TASK PROMPT = Each record should be given again exactly, and any picture in it left out.

(Items from a dataset)
────────────────
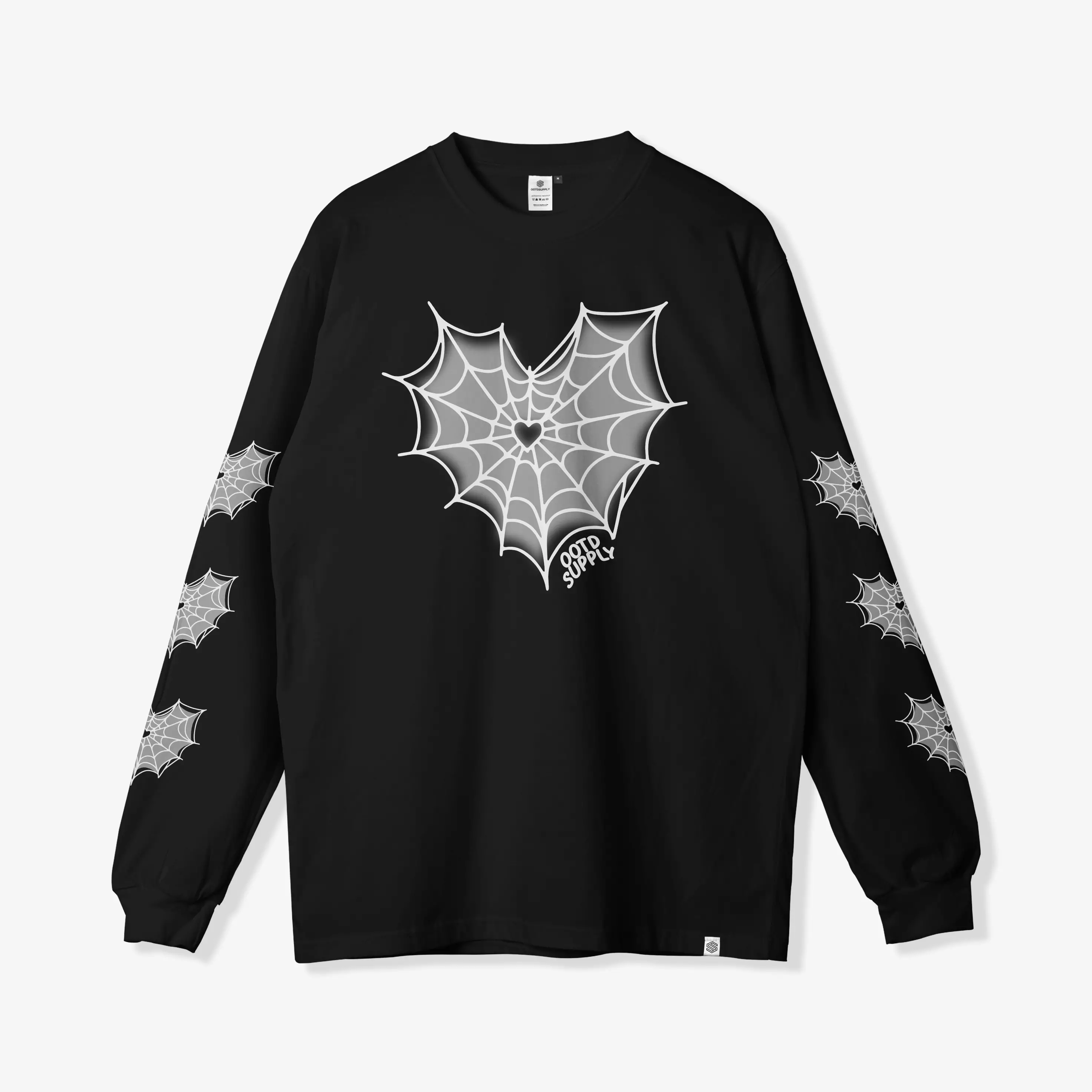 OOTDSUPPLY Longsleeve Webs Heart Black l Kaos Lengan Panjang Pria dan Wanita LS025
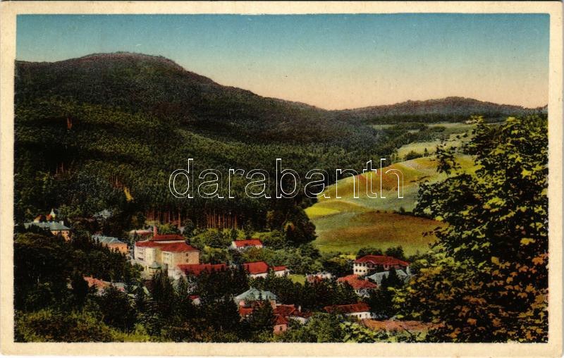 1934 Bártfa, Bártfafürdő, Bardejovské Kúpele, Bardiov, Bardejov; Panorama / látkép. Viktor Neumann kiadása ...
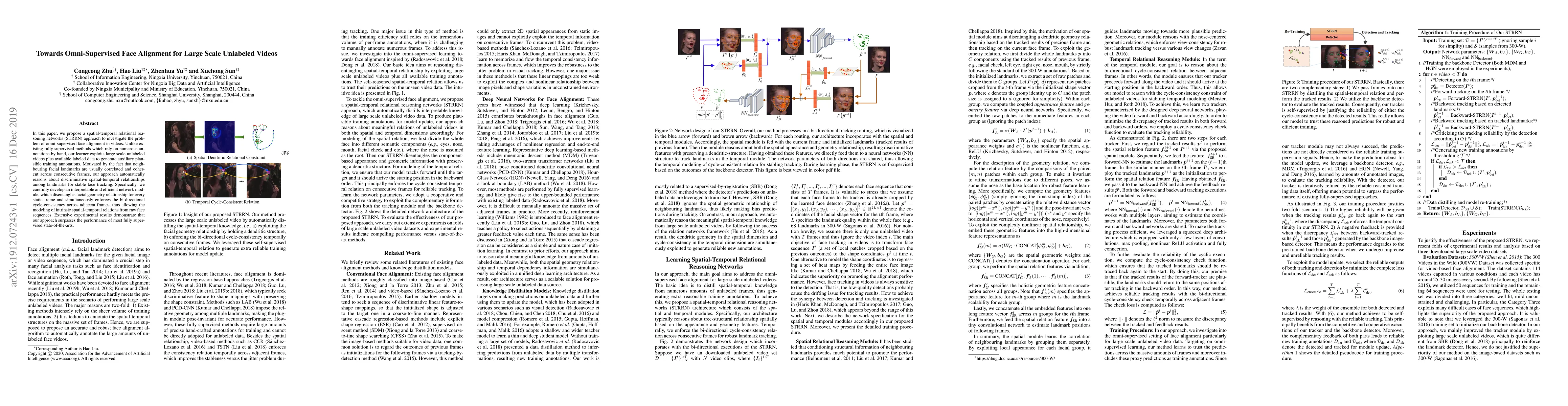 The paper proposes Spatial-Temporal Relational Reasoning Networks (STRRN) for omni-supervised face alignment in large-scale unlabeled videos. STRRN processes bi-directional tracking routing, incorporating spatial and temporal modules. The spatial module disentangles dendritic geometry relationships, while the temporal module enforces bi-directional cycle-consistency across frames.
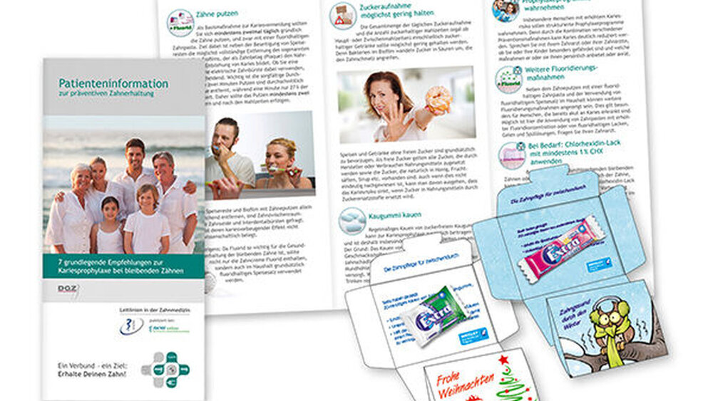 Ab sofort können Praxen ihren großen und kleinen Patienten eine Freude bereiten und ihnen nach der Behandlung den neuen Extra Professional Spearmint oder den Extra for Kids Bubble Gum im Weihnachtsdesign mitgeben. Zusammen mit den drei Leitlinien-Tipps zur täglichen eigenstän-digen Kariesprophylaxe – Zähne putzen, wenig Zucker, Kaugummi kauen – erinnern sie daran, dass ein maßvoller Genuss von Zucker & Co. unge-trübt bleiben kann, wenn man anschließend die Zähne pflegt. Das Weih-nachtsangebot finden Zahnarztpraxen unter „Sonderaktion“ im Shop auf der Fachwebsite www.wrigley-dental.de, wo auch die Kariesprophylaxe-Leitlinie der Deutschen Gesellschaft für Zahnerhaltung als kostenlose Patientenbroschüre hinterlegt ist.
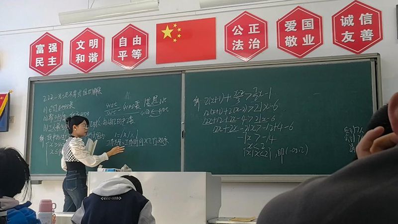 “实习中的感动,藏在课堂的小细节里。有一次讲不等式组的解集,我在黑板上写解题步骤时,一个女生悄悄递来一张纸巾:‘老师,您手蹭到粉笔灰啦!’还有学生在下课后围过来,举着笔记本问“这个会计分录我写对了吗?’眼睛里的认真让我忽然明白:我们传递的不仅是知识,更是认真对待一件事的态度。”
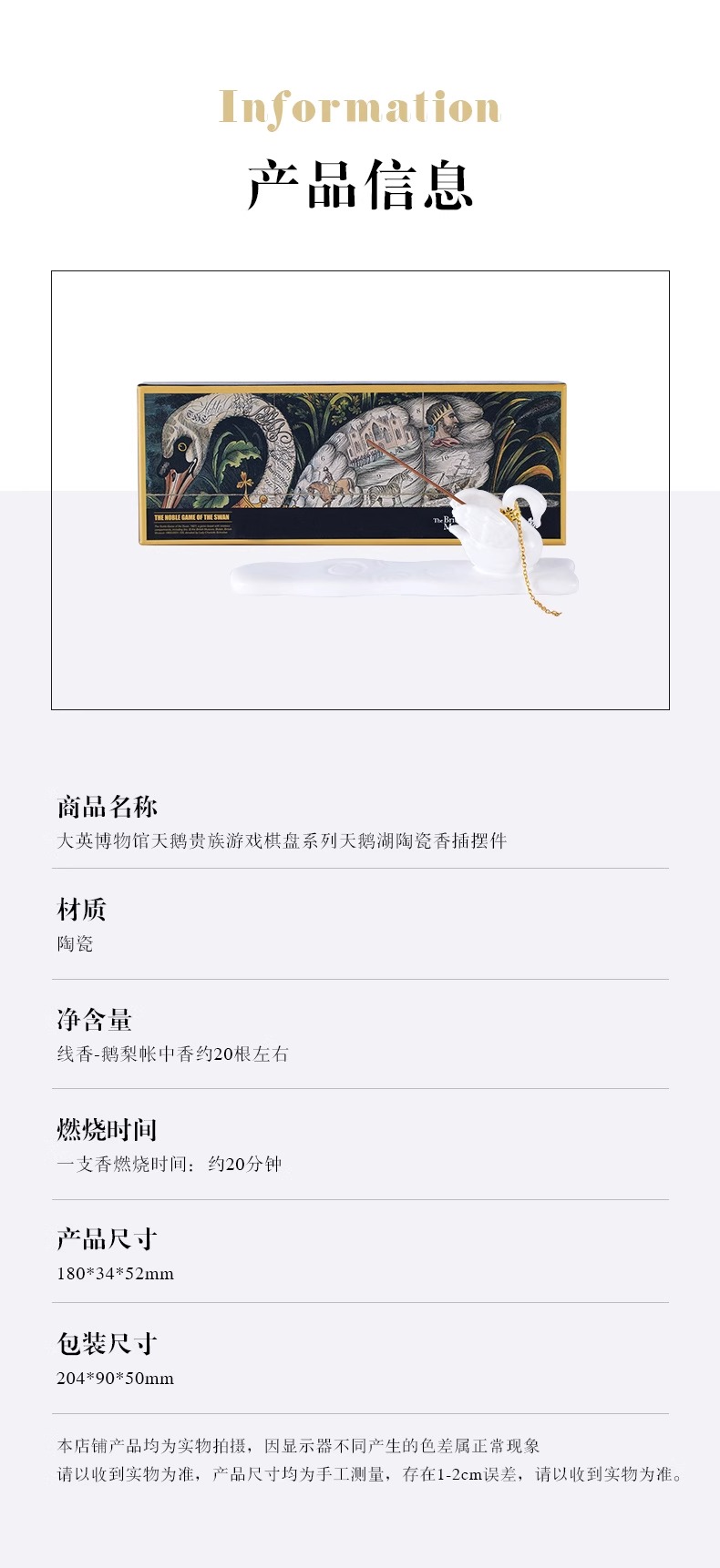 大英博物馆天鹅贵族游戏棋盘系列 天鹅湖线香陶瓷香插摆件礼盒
────────────────
RESPONSE TO THIS EXERCISE =
 OOTDSUPPLY Longsleeve Webs Heart Black l Kaos Lengan Panjang Pria dan Wanita LS025
 1934 Bártfa, Bártfafürdő, Bardejovské Kúpele, Bardiov, Bardejov; Panorama / látkép. Viktor Neumann kiadása ...
 The paper proposes Spatial-Temporal Relational Reasoning Networks (STRRN) for omni-supervised face alignment in large-scale unlabeled videos. STRRN processes bi-directional tracking routing, incorporating spatial and temporal modules. The spatial module disentangles dendritic geometry relationships, while the temporal module enforces bi-directional cycle-consistency across frames.
 Ab sofort können Praxen ihren großen und kleinen Patienten eine Freude bereiten und ihnen nach der Behandlung den neuen Extra Professional Spearmint oder den Extra for Kids Bubble Gum im Weihnachtsdesign mitgeben. Zusammen mit den drei Leitlinien-Tipps zur täglichen eigenstän-digen Kariesprophylaxe – Zähne putzen, wenig Zucker, Kaugummi kauen – erinnern sie daran, dass ein maßvoller Genuss von Zucker & Co. unge-trübt bleiben kann, wenn man anschließend die Zähne pflegt. Das Weih-nachtsangebot finden Zahnarztpraxen unter „Sonderaktion“ im Shop auf der Fachwebsite www.wrigley-dental.de, wo auch die Kariesprophylaxe-Leitlinie der Deutschen Gesellschaft für Zahnerhaltung als kostenlose Patientenbroschüre hinterlegt ist.
 “实习中的感动,藏在课堂的小细节里。有一次讲不等式组的解集,我在黑板上写解题步骤时,一个女生悄悄递来一张纸巾:‘老师,您手蹭到粉笔灰啦!’还有学生在下课后围过来,举着笔记本问“这个会计分录我写对了吗?’眼睛里的认真让我忽然明白:我们传递的不仅是知识,更是认真对待一件事的态度。”
 大英博物馆天鹅贵族游戏棋盘系列 天鹅湖线香陶瓷香插摆件礼盒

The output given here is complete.